Although, there is improvement the more we train the network, 100  epochs is a reasonably high computation parameter for a study of the general features of the desviation for every country. It only rests to study the deviation for the particular case of Colombia.

In [None]:
casesCol =time_evol.loc['Colombia',[s for s in time_evol.keys() if 'cases' in s]]
casesCol= casesCol[::-1]
i=1
while i<45:
    casesCol[i]=casesCol[i]+casesCol[i-1]
    i+=1
deathsCol =time_evol.loc['Colombia',[s for s in time_evol.keys() if 'deaths' in s]]
deathsCol= deathsCol[::-1]
i=1
while i<45:
    deathsCol[i]=deathsCol[i]+deathsCol[i-1]
    i+=1

strDates=[]
for date in dates:
    strDates.append(str(date[0])+'/'+str(date[1]))
strDates= strDates[::-1]

plt.figure(figsize=(14,10))
UncertCol=np.array(casesCol+12*(loss_values[99,only_cases_countries.index('Colombia')])**0.5)
DowncertCol=np.array(casesCol-12*(loss_values[99,only_cases_countries.index('Colombia')])**0.5)

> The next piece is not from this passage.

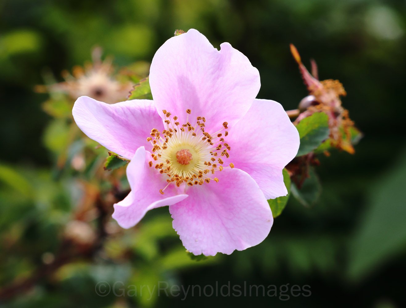 Nootka Rose (Rosa nutkana) blooms near the Cape Disappointment light.
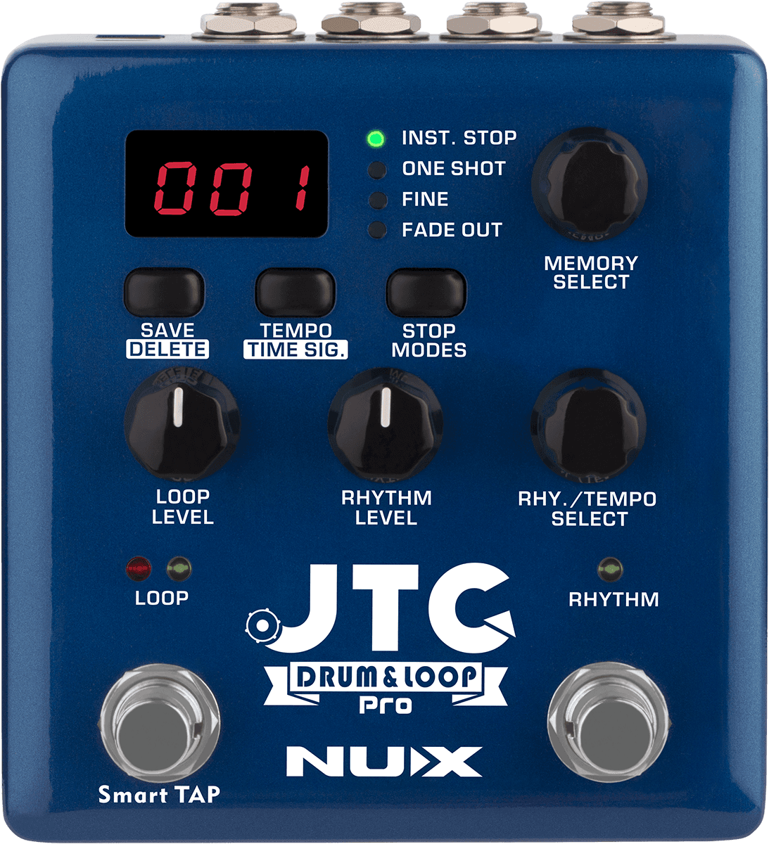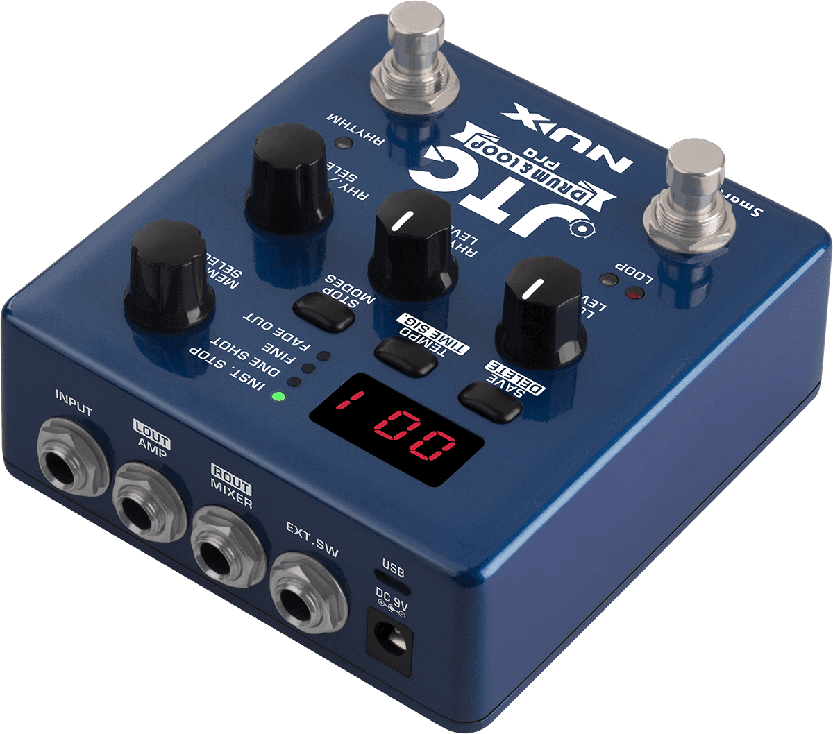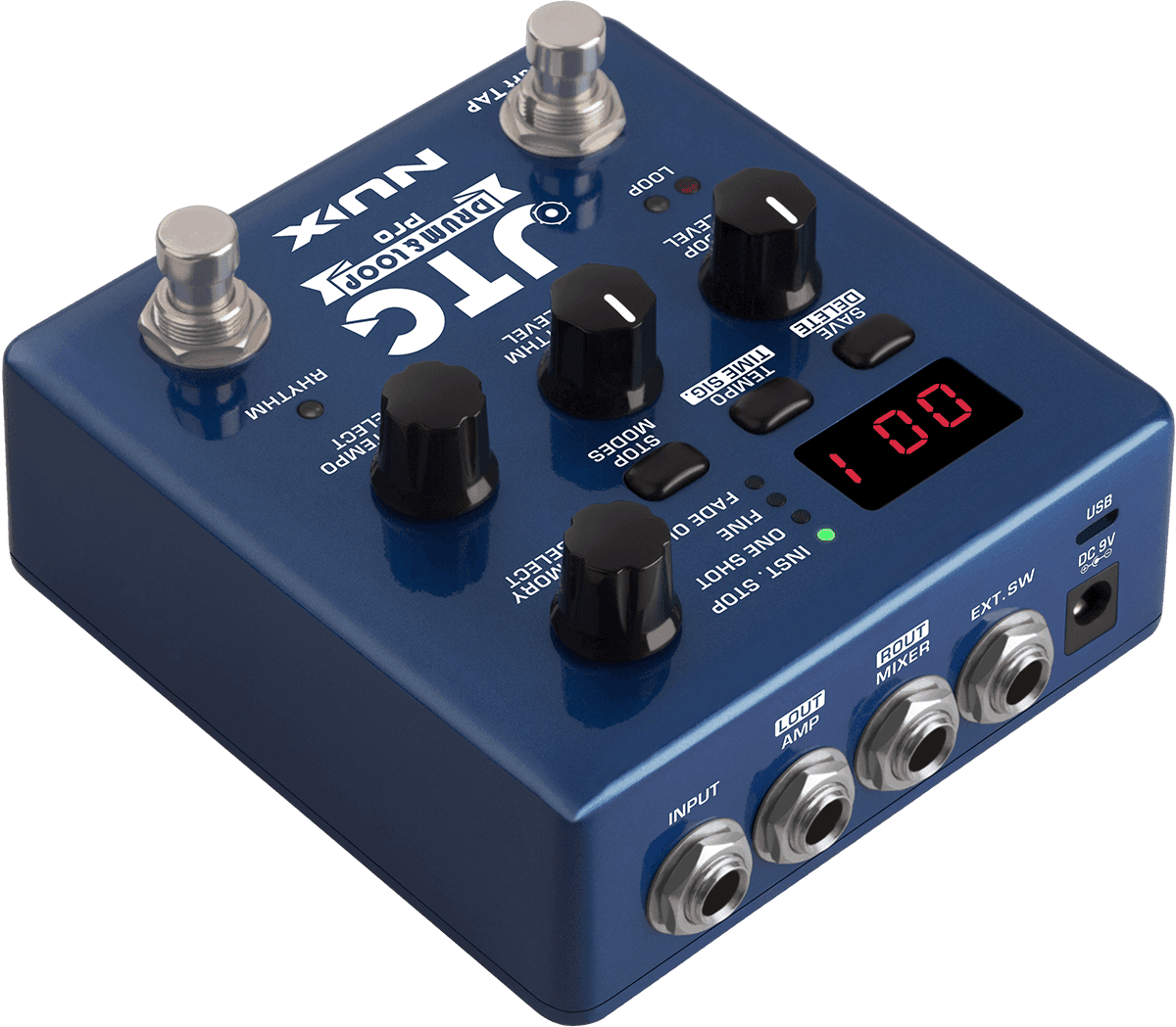 Das JTC Drum & Loop ist ein Zwei-in-Eins-Pedal, das einen Looper und einen umfangreichen Drumcomputer vereint. Der Looper bietet bis zu 6 Stunden Aufnahmekapazität über 256 Speicherplätze. Die Fußsteuerung des Loopers erfolgt über den linken Multifunktionsschalter nach einem bewährten Schema: ein Mal drücken, um die Aufnahme zu starten, ein weiteres Mal drücken, um die Aufnahme zu stoppen und die Wiedergabe zu starten, und ein drittes Mal drücken, um Overdubs aufzunehmen. Durch langes Drücken können Sie die Overdub-Wiedergabe auch stumm schalten und reaktivieren. Ein zweites Funktionsschema, das den Overdub schon beim zweiten Drücken aktiviert, ist ebenfalls verfügbar.

dias=np.array(np.arange(len(strDates)))
plt.plot(dias,casesCol,'.')
#plt.plot(dias,UncertCol,'.')
plt.fill_between(x=dias,y1=UncertCol.astype(float),y2=DowncertCol.astype(float),alpha=0.2)
plt.xticks(dias,strDates,rotation=45)
plt.xlabel('Date',size=20)
plt.ylabel('Covid cases per capita',size=20)
plt.title('Confiedence interval for Covid cases in Colombia',size=24)
plt.show()

We see a high level of variability and a wide range of values avaliable of the possible evolution of the system. This is a rough estimate based on the similarity of the data in every country and to minimize the difference between a prediction and the real value.

## Limitations

It bears to say that the method exposed here only applies for determination of uncertanty based in previous data and does not aim to predict the evolution of the disease or prove the effectivity of public policies. A high dispersion may also affect the stability of the network, as it would happen in a country with a poor healthcare system that reports the cases in batches, such as week per week.

## Outlook and final remarks

This is a first approximation to the problem of determining uncertainty and it is based on the data alone. Proposing a model for the evolution of the virus may help in improving the calculation of uncertainty via logistic regression, for instance. This project has been quite fun to develop and has showed me a new perspective on how we read and interpret data. I eagerly await for comments and ideas in how I can improve my estimations.